§ **Exercise**:
Your output must consist of the records printed verbatim, with the pictures excluded.

§ **Source records**:
:::::

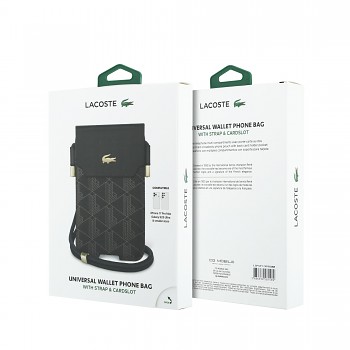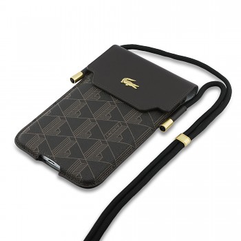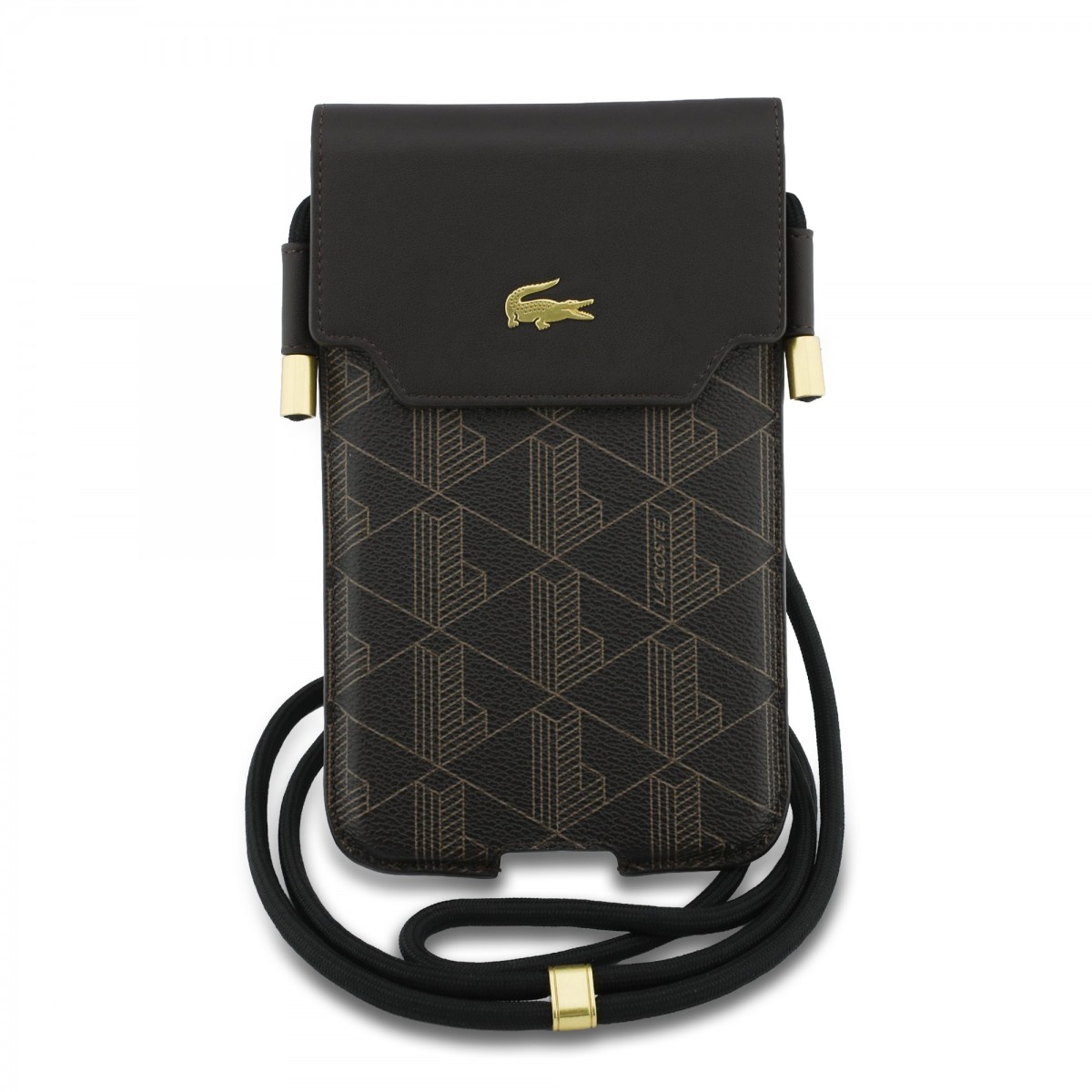 Kabelka na telefon Lacoste PVC Blend Monogram Metal Logo XL hnědáKompaktní hnědá kabelka s Blend monogramem a ikonickým kovovým logem krokodýla na přední straně.
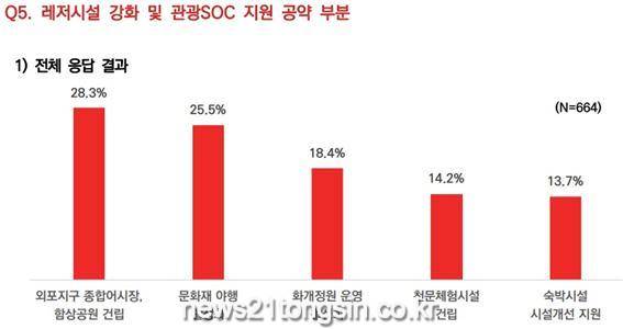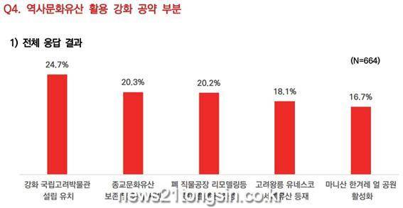 역사 문화유산 활용 강화 공약은 강화 국립고려박물관 설립 유치 추진사업이 24.7%로 가장 높았고, 마지막 문항인 레저시설 강화 및 관광 SOC 지원 공약 부분에서는 외포지구 종합어시장 및 함상공원 건립28.3%로 가장 높게 나타났다.
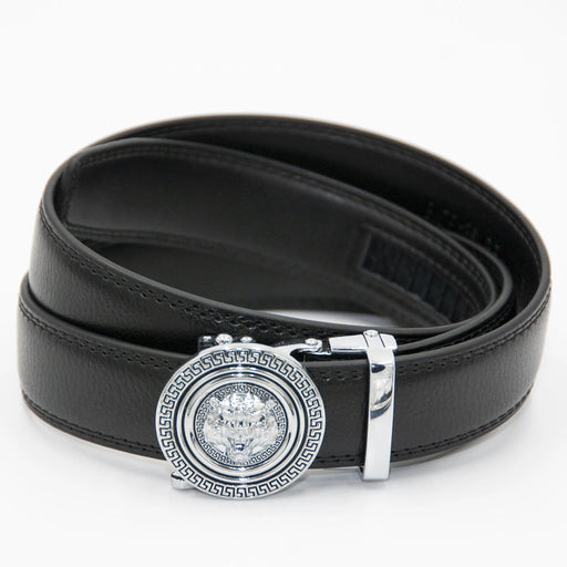 Dual Grecian inlays encircle a finely detailed tigerhead motif in this striking adjustable belt buckle. Features: 100% Pure Leather Fully Adjustab...
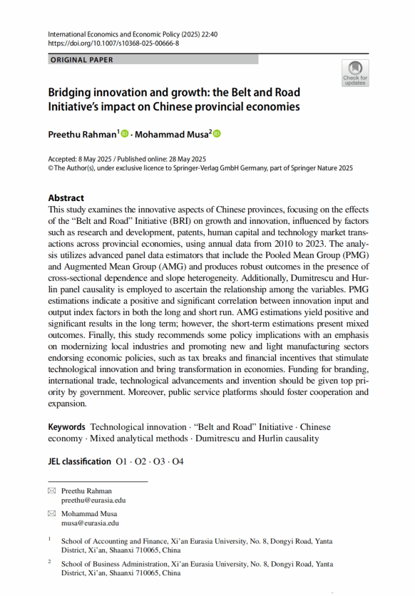 科研产出是学科建设的核心指标。莉娜博士近期的两项研究成果,分别聚焦宏观经济政策与数字技术创新,展现了其在跨学科领域的深厚造诣。在《Bridging Innovation and Growth: the Belt and Road Initiative’s Impact on Chinese Provincial Economies》一文中,莉娜博士深入剖析了“一带一路”倡议如何通过研发(R&D)投入、专利活动及人力资本积累,驱动区域创新能力的提升与经济绩效的增长。研究证实,“一带一路”相关的基础设施投资与互联互通举措,有效促进了技术转移与投资流动,显著增强了沿线省份的创新驱动力。这一发现为理解国家战略的经济效应提供了坚实的实证依据。
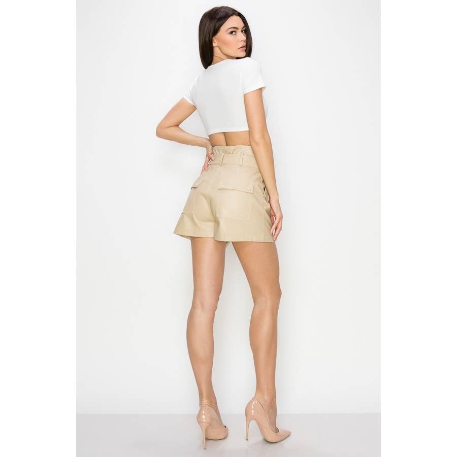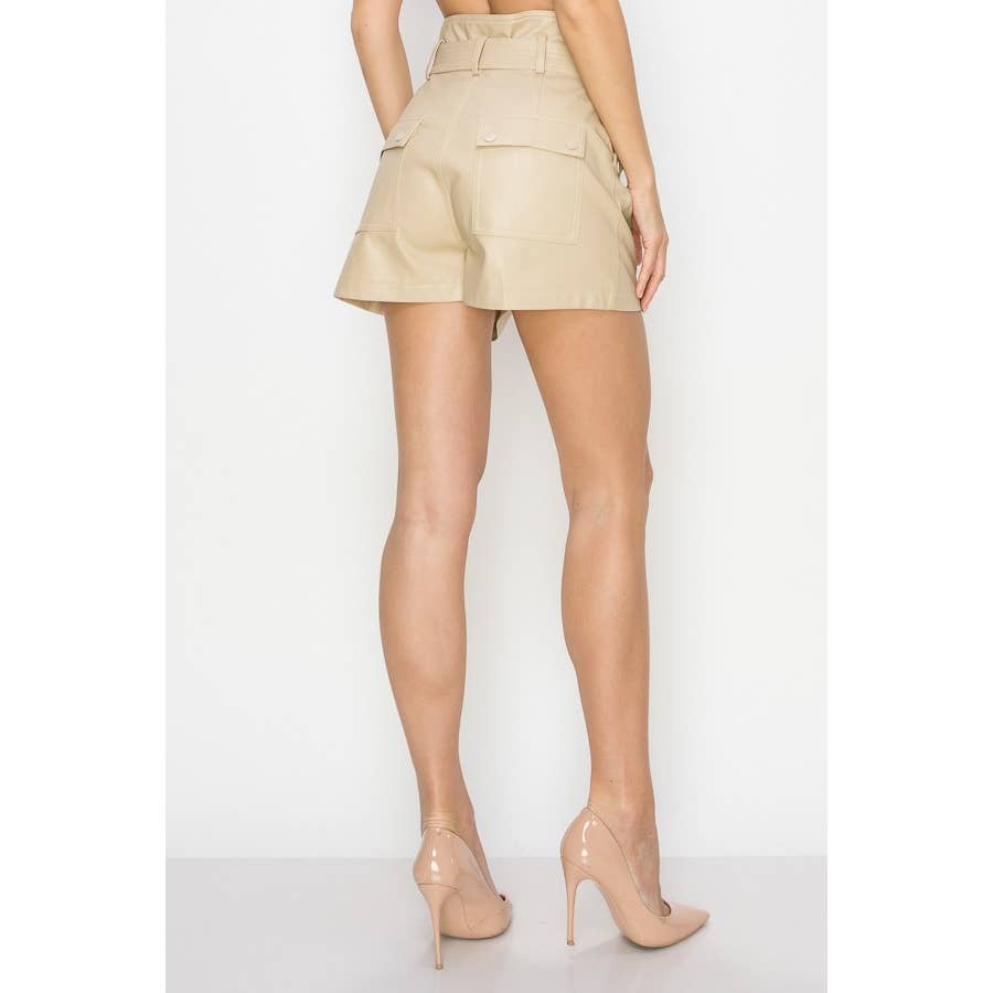 High Waist Belt Tie Side Pocket Leather Short Pants

:::::

§ **Exercise answer**:
 Kabelka na telefon Lacoste PVC Blend Monogram Metal Logo XL hnědáKompaktní hnědá kabelka s Blend monogramem a ikonickým kovovým logem krokodýla na přední straně.
 역사 문화유산 활용 강화 공약은 강화 국립고려박물관 설립 유치 추진사업이 24.7%로 가장 높았고, 마지막 문항인 레저시설 강화 및 관광 SOC 지원 공약 부분에서는 외포지구 종합어시장 및 함상공원 건립28.3%로 가장 높게 나타났다.
 Dual Grecian inlays encircle a finely detailed tigerhead motif in this striking adjustable belt buckle. Features: 100% Pure Leather Fully Adjustab...
 科研产出是学科建设的核心指标。莉娜博士近期的两项研究成果,分别聚焦宏观经济政策与数字技术创新,展现了其在跨学科领域的深厚造诣。在《Bridging Innovation and Growth: the Belt and Road Initiative’s Impact on Chinese Provincial Economies》一文中,莉娜博士深入剖析了“一带一路”倡议如何通过研发(R&D)投入、专利活动及人力资本积累,驱动区域创新能力的提升与经济绩效的增长。研究证实,“一带一路”相关的基础设施投资与互联互通举措,有效促进了技术转移与投资流动,显著增强了沿线省份的创新驱动力。这一发现为理解国家战略的经济效应提供了坚实的实证依据。
 High Waist Belt Tie Side Pocket Leather Short Pants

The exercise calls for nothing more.